Since the congruent triangles are in the corners of the rectangle, then they are right angled triangles. To get a regular octagon, the sides of the two triangles which lies on a particular line, must be equal. Therefore if the sides of the triangle are a,b and c with c is the hypotenuse and b is the largest of other two, the side b lies in the BC and and the opposite line.

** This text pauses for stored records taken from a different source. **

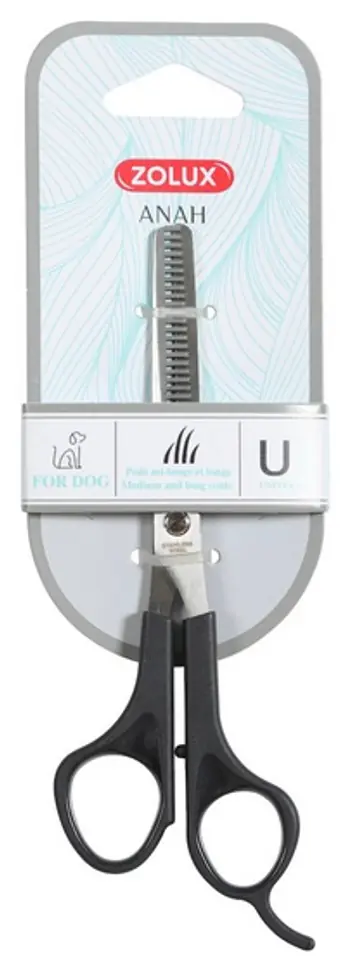 ZOLUX ANAHPrezentujemy nową, kompletną gamę produktów do pielęgnacji ANAH, stworzoną w odpowiedzi na wszystkie potrzeby psów i kotów.Zaprojektowaliśmy nowy uchwyt, który zapewnia większą wygodę użytkowania i idealnie leży w dłoni, dzięki ergonomicznemu kształtowi, miękkiemu i przyjemnemu w dotyku wykończeniu SOFT TOUCH oraz powłoce z gumy termoplastycznej i miękkim wypustkom. Dodatkowo, niezależnie od rozmiaru produktu, uchwyt ma jeden rozmiar, który idealnie leży w dłoni.Produkty zaprojektowano w nowoczesnym stylu, w modnych, stonowanych kolorach: dla psów w kolorach turkusu i antracytu, dla szczeniąt w kolorach turkusu i bieli, a dla kotów - w kolorach pudrowego różu i bieli. Harmonijne i dynamiczne kształty produktów z pewnością przypadną do gustu użytkownikom.Jakość jest głównym atutem nowej kolekcji produktów do pielęgnacji ANAH. Produkty wykonane są z tworzywa ABS, które jest szczególnie odporne na upływ czasu. Umieszczony pomiędzy rękojeścią a główką szczotki pierścień z gumy termoplastycznej sprawia, że produkt stabilnie leży w dłoni. Wszystkie metalowe elementy, tj. ostrza, zęby i wypustki, wykonano ze stali nierdzewnej.NOŻYCZKI DEGAŻÓWKI Służą do przerzedzania psiej sierści. Zaokrąglona końcówka chroni przed skaleczeniami. Przeznaczone są do każdego rodzaju sierści, ale zalecane są szczególnie do sierści długiej i gęstej.Przeznaczone są do sierści średniej długości i długiej.Wymiary produktu: 60 x 10 x 168 mm
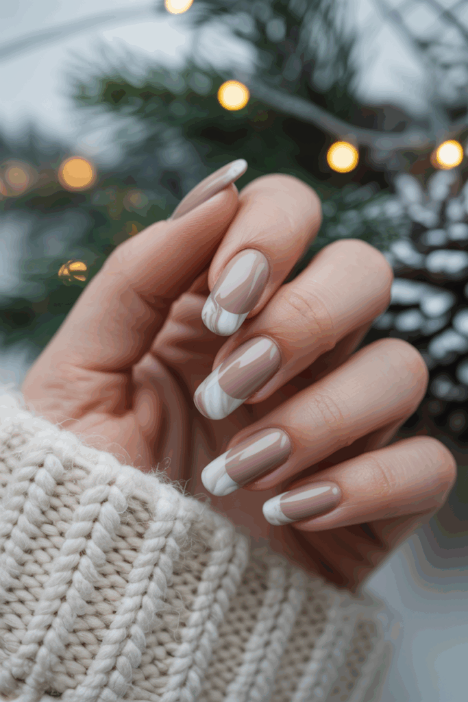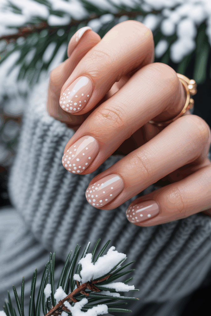 A sheer nude base dotted with tiny white “snow” gives a playful, minimalist effect that suits every nail length. Vary dot size slightly for a natural flurry, keeping spacing airy so it stays refined. The look is quick with a dotting tool (or toothpick) and works with any outfit in your winter lineup.
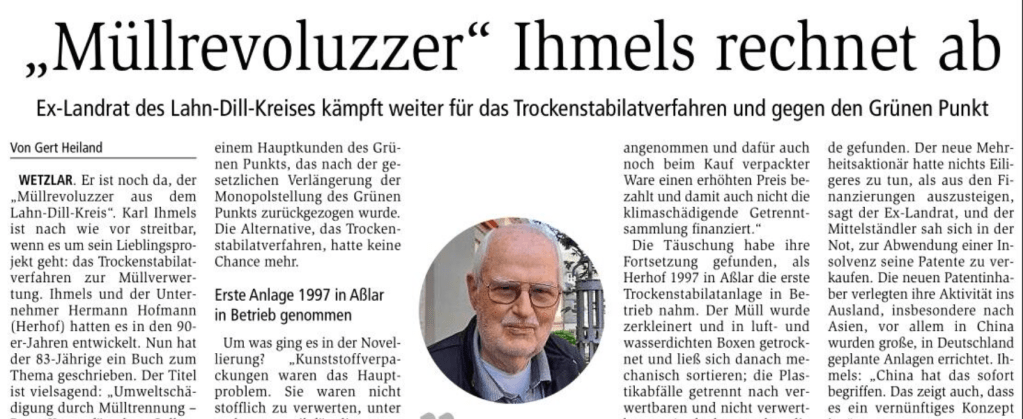 Der Müllrevoluzzer Verfasst vonkarlihmels7Oktober 1, 2024Oktober 1, 2024Veröffentlicht inAbfallwirtschaft Neuer Artikel in der Wetzlarer Neuen Zeitung (23.9.2024) 2024-09-23_Wetzlarer_Neue_ZeitungDownload Teilen mit: Klicke, um auf X zu teilen (Wird in neuem Fenster geöffnet) X Klick, um auf Facebook zu teilen (Wird in neuem Fenster geöffnet) Facebook Gefällt mir Wird geladen … Ähnliche Beiträge
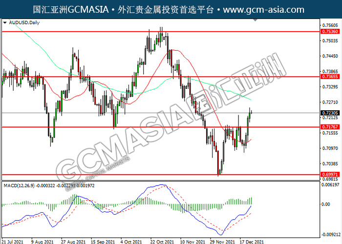 20211224 AUDUSD-午间 by willy | Dec 24, 2021 | 澳元兑美元 | 0 comments AUDUSD,Daily:澳美突破前期压力,震荡上行。MACD多头动能略增,短期可关注多头为主。上方关注0.7365压力和0.7535压力,下方关注0.7175支撑和0.6995支撑。

Then if the octagon formed is regular, the sides must be equal to each other.

`26-2b = 22-2a = c`

Therfore,

`26-2b = 22-2b`

`13-b = 11-a`

`a = b-2`

Since they form a right angle triangle,

`a^2 + b^2 = c^2`

`(b-2)^2+b^2 = (26-2b)^2`

`b^2-4b+4+b^2 = 4(13-b)^2`

`2b^2-4b+4 = 4(169-26b+b^2)`

`b^2-2b+2 = 2(169-26b+b^2)`

`b^2-2b+2 = 338 - 52b + 2b^2`

This give a quadratic equation,

`b^2-50b+336 = 0`

The answers are,

`b = 42 or b = 8`

b cannot be greater than 26, therefore b is 8.

Therefore,

The side of a octagon is `c = 26-2b`

`c = 26 -2xx8`

`c = 10`

**The answer is 10 units.**

i also got the answer through the methods explained above, but the problem is that if its a regular octagon, then each interior angle of regular octagon is 135 degrees, then the right-angle triangles cut at the four corners would be 90-45-45, then answer does not come from that approach.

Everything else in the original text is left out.